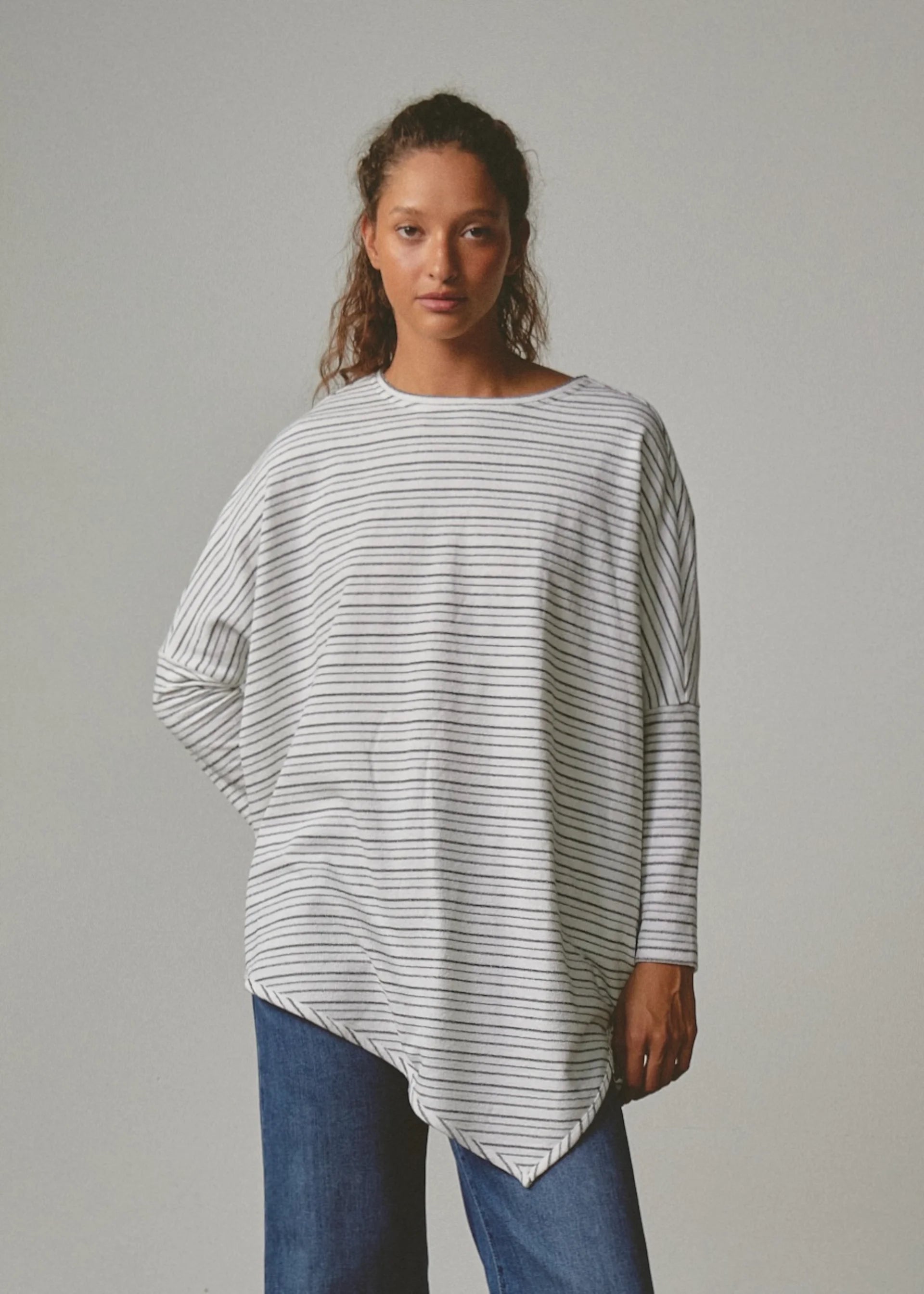 Loose striped blouse in off-white and black. Its relaxed silhouette and asymmetric drape bring natural movement to the look. A versatile piece that blends everyday comfort with the timeless elegance that defines Inmaculada.
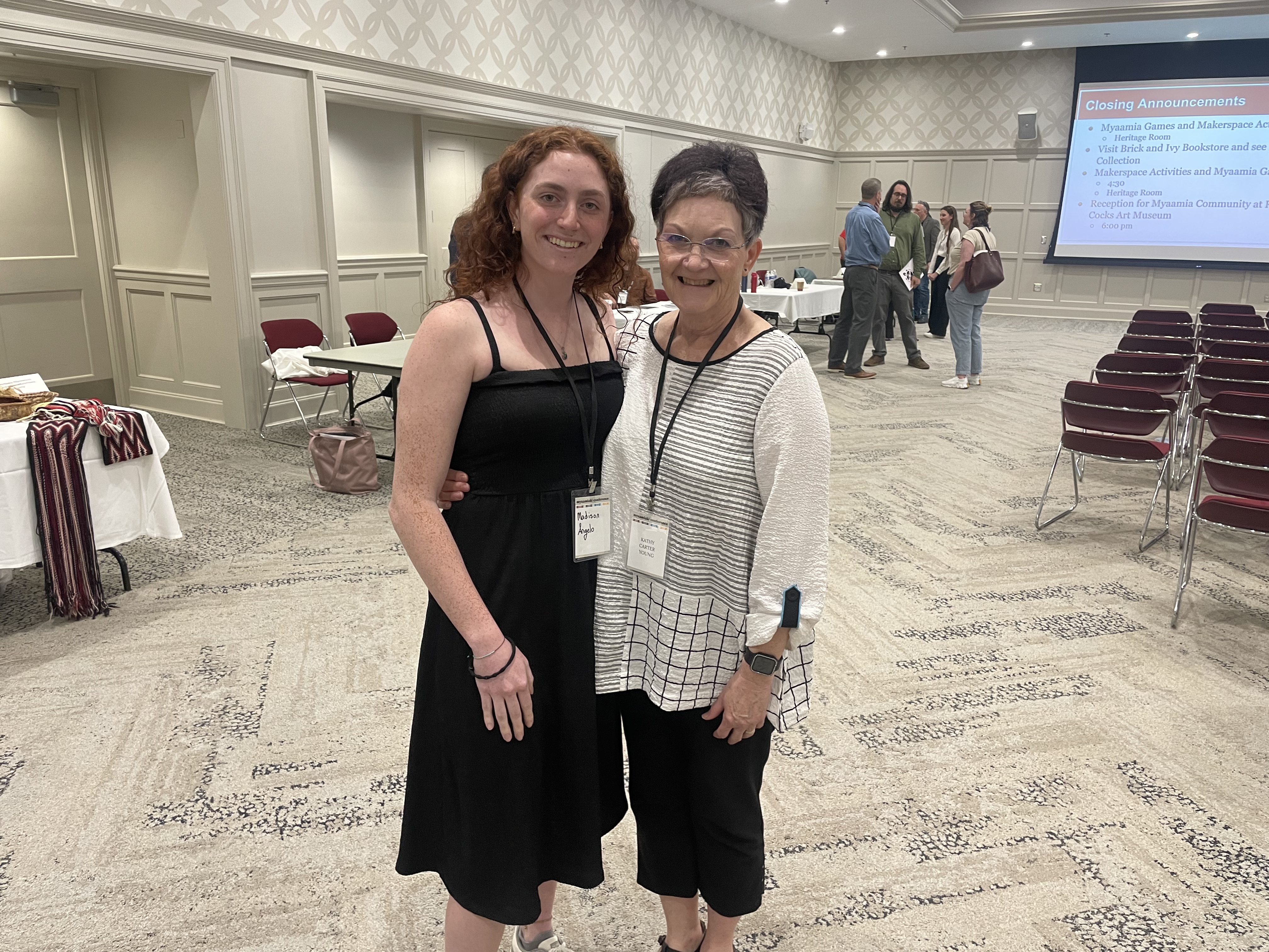 When Madison Angelo and Kathy Carter Young saw each other at the 10th biennial Myaamiaki Conference, the two women’s faces lit up as they embraced for a hug, before immediately jumping into excited greetings and laughter.
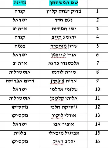 16 נערים ונערות מישראל ומהתפוצות עלו לגמר חידון התנ"ך העולמי לנוער יהודי, אשר יתקיים בירושלים ביום העצמאות ה-63, כמידי שנה.
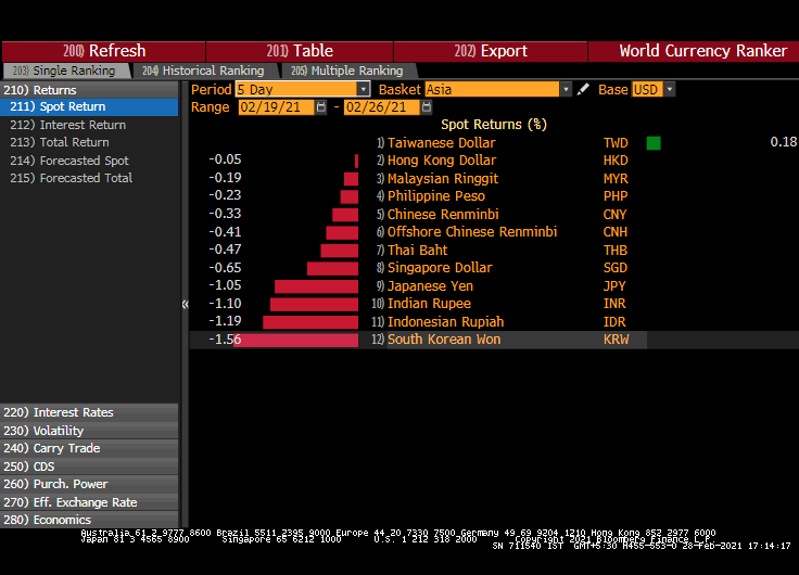 - For the week, the rupee was the third worst performing currency among its peers in Asia.
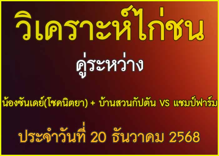 วิเคาะห์ไก่ชน คู่ระหว่าง น้องซันเดย์ (โชคนิตยา) + บ้านสวนกัปตัน สังกัด หมอบุญ VS แชมป์ฟาร์ม 18 ธันวาคม 2025
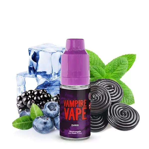 Dawn von Vampire Vape ist die perfekte Wahl für alle, die den Heisenberg-Geschmack lieben und nach einer erfrischenden Alternative suchen. Die britischen Aromaspezialisten haben mit dieser Kreation erneut ihre Fähigkeiten bei der Entwicklung einzigartiger Geschmackserlebnisse unter Beweis gestellt. Dawn kombiniert dunkle Früchte, Lakritz und Menthol-Frische zu einem unverwechselbaren Mix, der Deine Geschmacksknospen im Sturm erobern wird. Mit jedem Zug entfaltet sich der aromatische, süße und leicht säuerliche Geschmack der dunklen Beerenfrüchte, während eine süß-würzige und erfrischende Lakritz-Note für Tiefe und Abwechslung sorgt. Das grüne Menthol rundet das Aroma ab und hinterlässt ein angenehm kühles Frischegefühl in Mund und Rachen. Entdecke mit Dawn von Vampire Vape ein völlig neues Geschmackserlebnis, das Dich immer wieder begeistern wird.10ml Fertig-Liquids
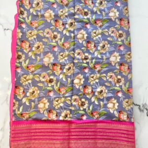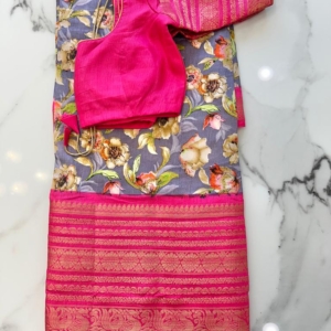 Floral Print Japan Satin Silk Saree with Stitched Blouse and Pico(fall)
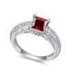 Anillo en baño de oro blanco de 18 quilates, elegante diseño, con cristal rojo corte princesa e incrustaciones de cristales blancos.
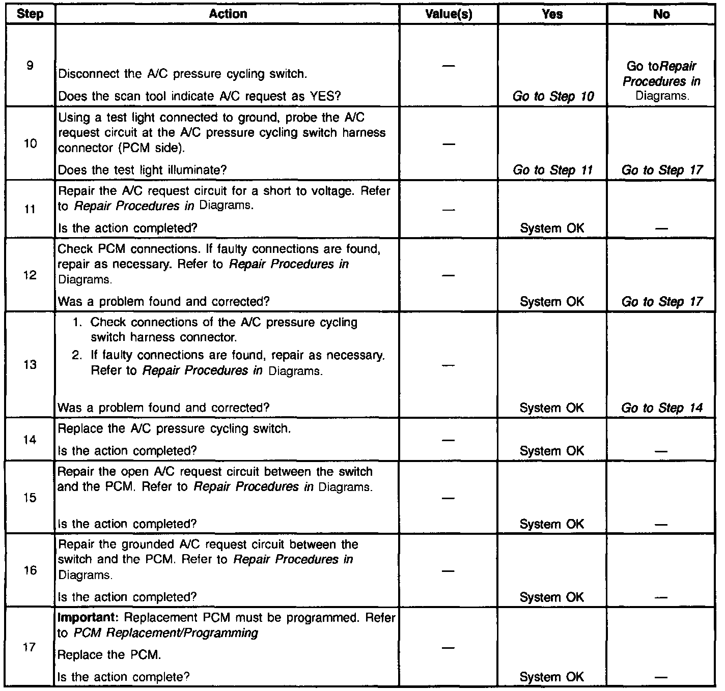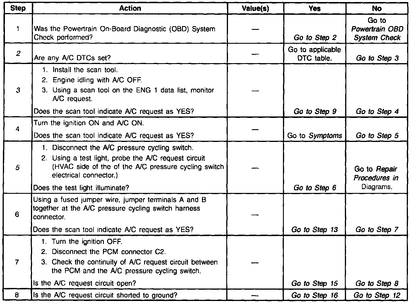 Before using this table, be sure no PCM DTC(s) are stored. The PCM will not activate the A/C clutch with a stored DTC.
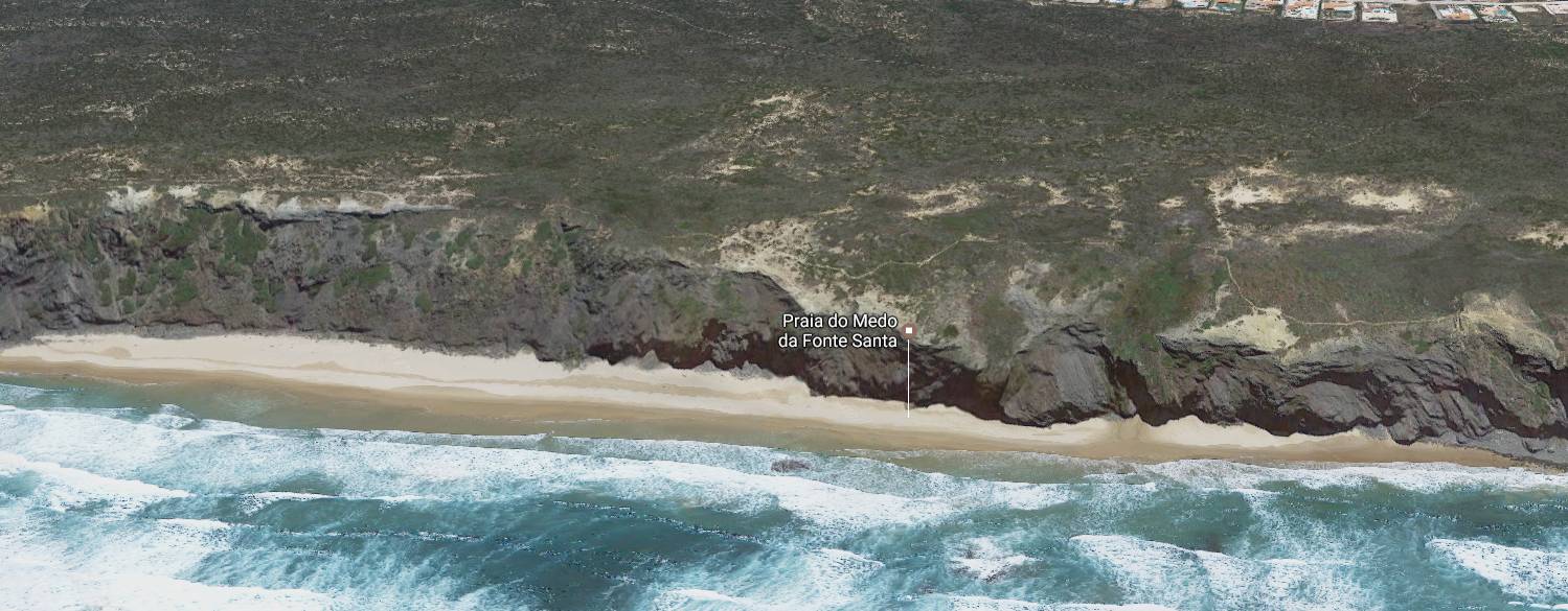 Playa do Medo da Fonte Santa es una playa algarvense que está cerca del pueblo de Aljezur. Bajo unos grandes acantilados Negros tipicos de esta parte de la costa del algarve encontramos la Playa do Medo da Fonte Santa . La Playa do Medo da Fonte Santa está cerca de la pequeña barriada de Monte Clérigo . El acceso es dificil la mejor forma de llegar es Dejar el coche en Monte Clérigo e ir caminando por la orilla hasta ella. Esta playa esta en estado salvaje y no encontramos servicios en ella como duchas o chiringitos lo cual es ideal para aquellos que buscan tranquilidad. La Playa do Medo da Fonte Santa es una playa del atlantico con unos 300 metros de largo y unos 20 metros de playa de ancho .
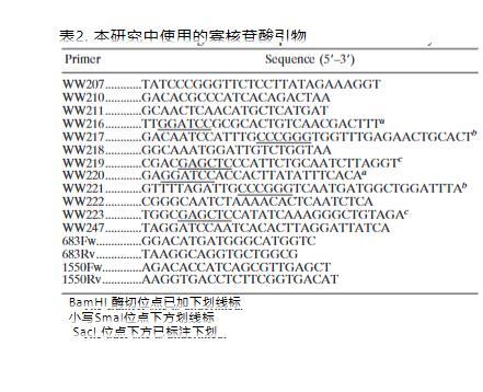 使用引物對(duì)WW220/WW221和WW222/WW223(圖1B和表2),以M.catarrhalis ATCC 43617基因組DNA為模板,通過PCR擴(kuò)增包含nsrR ORF立即5'和3'核苷酸序列的DNA片段。這兩個(gè)DNA片段用作重疊延伸PCR的模板,使用引物WW220和WW223。所得擴(kuò)增子命名為DNSRR,包含一個(gè)內(nèi)部SmaI位點(diǎn),用BamHI和SacI消化,然后連接到用相同限制酶消化的M.catarrhalis質(zhì)粒克隆載體pWW115中。連接反應(yīng)混合物用于電轉(zhuǎn)化M.catarrhalis ETSU-9。從一個(gè)壯觀霉素抗性克隆中分離的質(zhì)粒命名為pWW123。從pAC7擴(kuò)增的kan盒按先前所述克隆到pWW123的DNA插入片段中的SmaI位點(diǎn)。所得重組質(zhì)粒命名為pWW124,其kan盒以與缺失的nsrR基因相同的方向插入,用作PCR擴(kuò)增模板,使用引物WW220和WW223。所得PCR產(chǎn)物命名為DNSRR-KAN,用于轉(zhuǎn)化M.catarrhalis野生型菌株O35E、7169和ETSU-9??敲顾乜剐赞D(zhuǎn)化子通過錨定PCR和核苷酸序列分析確認(rèn)為nsrR突變體(圖1C)。通過使用上述DNSRR DNA片段轉(zhuǎn)化卡那霉素抗性的O35E nsrR突變體,構(gòu)建了一個(gè)卡那霉素敏感的nsrR突變體。一個(gè)所得卡那霉素敏感轉(zhuǎn)化子通過核苷酸序列分析確認(rèn)為nsrR缺失突變體,命名為O35E△nsrR。

------------------------------

§ BRIEF
Exact repetition is the task: every line from the start of the data to the line with "16 נערים ונערות", inclusive, and none after it, pictures omitted.

§ RESULT
 Loose striped blouse in off-white and black. Its relaxed silhouette and asymmetric drape bring natural movement to the look. A versatile piece that blends everyday comfort with the timeless elegance that defines Inmaculada.
 When Madison Angelo and Kathy Carter Young saw each other at the 10th biennial Myaamiaki Conference, the two women’s faces lit up as they embraced for a hug, before immediately jumping into excited greetings and laughter.
 16 נערים ונערות מישראל ומהתפוצות עלו לגמר חידון התנ"ך העולמי לנוער יהודי, אשר יתקיים בירושלים ביום העצמאות ה-63, כמידי שנה.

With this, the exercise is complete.